Lena B., 65, die Malerin aus der Nähe von Berlin, ist sogar noch unter dem Emissionspreis eingestiegen. Sie holt ihr Tablet aus der Tasche, um das genaue Datum nachzuschlagen. Das ist die erste Hauptversammlung, die Lena B. besucht, aber nicht ihre erste Aktie. "Apple, Hyundai . . . - ich kaufe nur noch, was ich nutze und verstehe." Sie hat schlechte Erfahrungen gemacht. Als Anfang des Jahrtausends der Neue Markt zusammenbrach, da musste sie Verluste einstecken. Sie kauft auch bei Zalando ein. "Ich habe Schuhgröße 42. Seit ich Schuhe online einkaufe, habe ich einen kleinen Schuhfimmel entwickelt."

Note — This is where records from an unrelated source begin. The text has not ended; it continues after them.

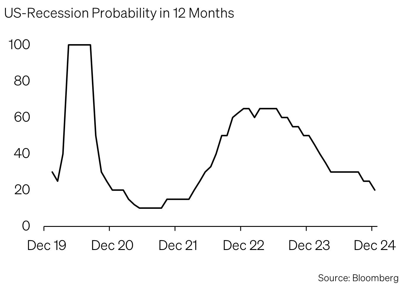 Meanwhile, the probability of a U.S. recession, at 50% at the start of the year, dropped to just 20% by year-end. In parallel, inflationary pressures continued to ease, largely in line with expectations.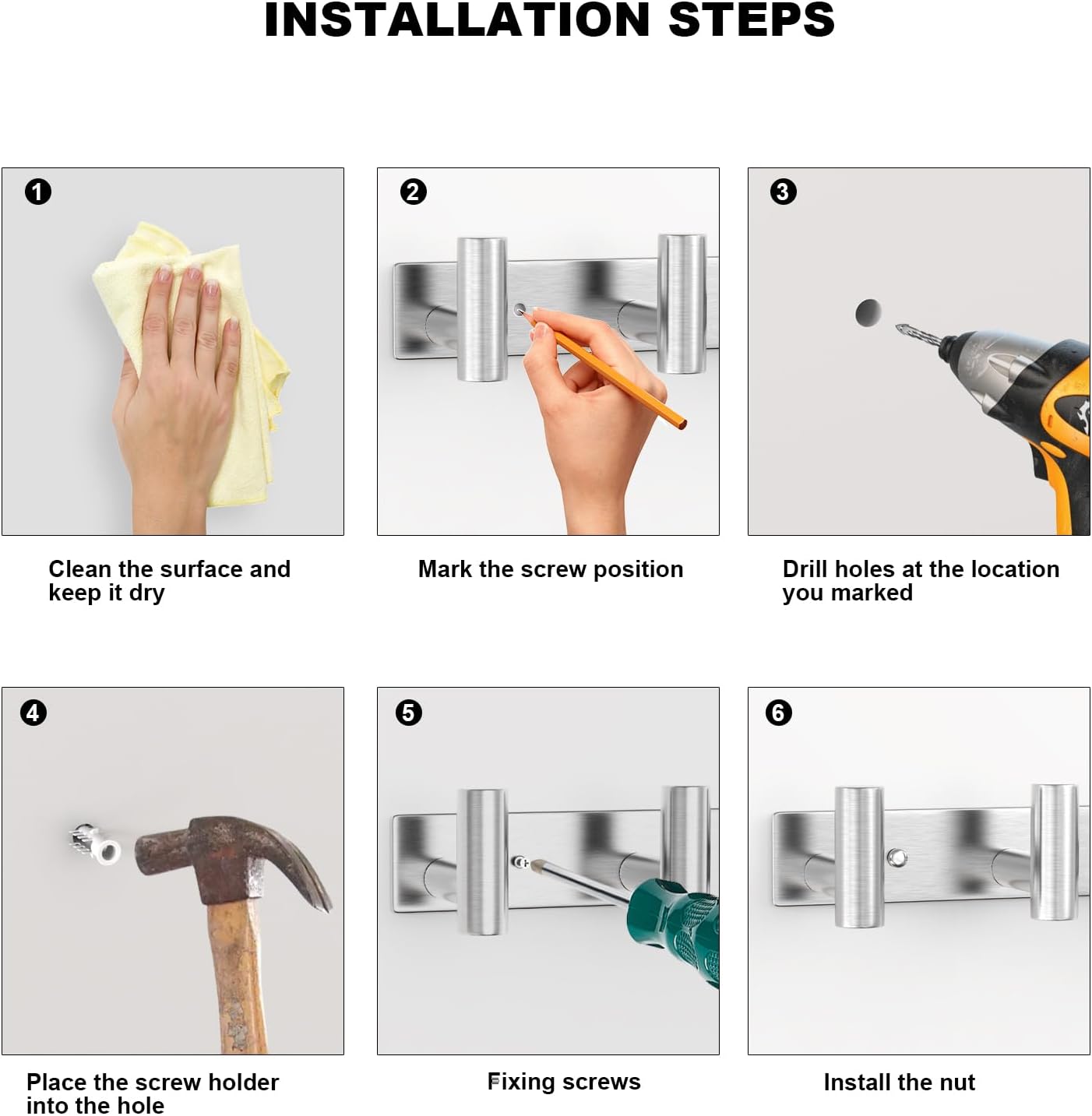 - ANTI SLIP AND SCRATCH RESISTANT:Each hook features thoughtful protrusions to prevent clothes and hats from slipping, and its smooth surface won't scratch towels, jackets, or coats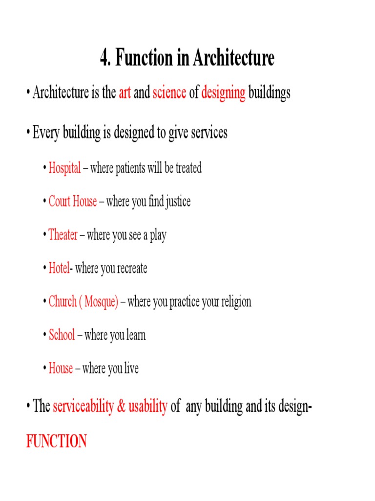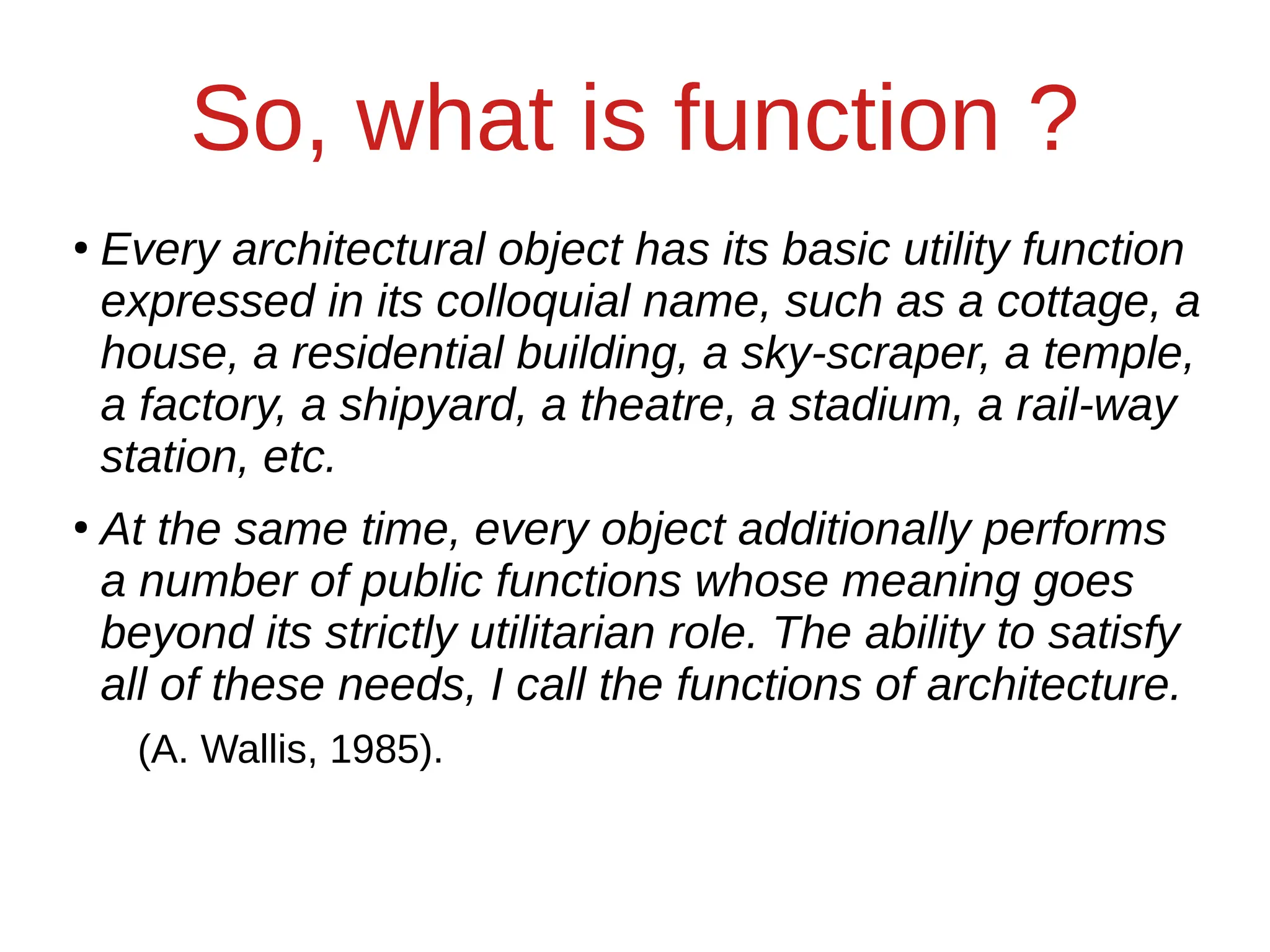 Functions in architecture. Lecture to 1st year students in Architecture ...

Heinrich B., der Mann aus Frankfurt/Oder, kauft nicht online. Das sei ihm zu gefährlich, sagt der 75-Jährige. Er fürchte um seine Daten. "Das Paar Schuhe, das ich ab und zu brauche, bekomme ich noch im Laden", sagt Heinrich B. Er ist kein Online-Käufer, aber ein eifriger Aktionär. In seinem Portfolio stecken gut ein Dutzend Titel, querbeet. Das meiste Old Economy. Manchmal fährt Heinrich B. auch zu den Hauptversammlungen, wenn er etwas Spannendes erwartet. Neulich war er mit seinem Enkel bei Eon. Alle fünf Tage nimmt sich der Mann einige Stunden Zeit, um im Internet Nachrichten zu den Aktien zu suchen, die auf seiner Liste stehen, etwa 40, 50 Titel. Er liest auch Geschäftsberichte. Heinrich B. will keine Show. Er will seriöse Antworten.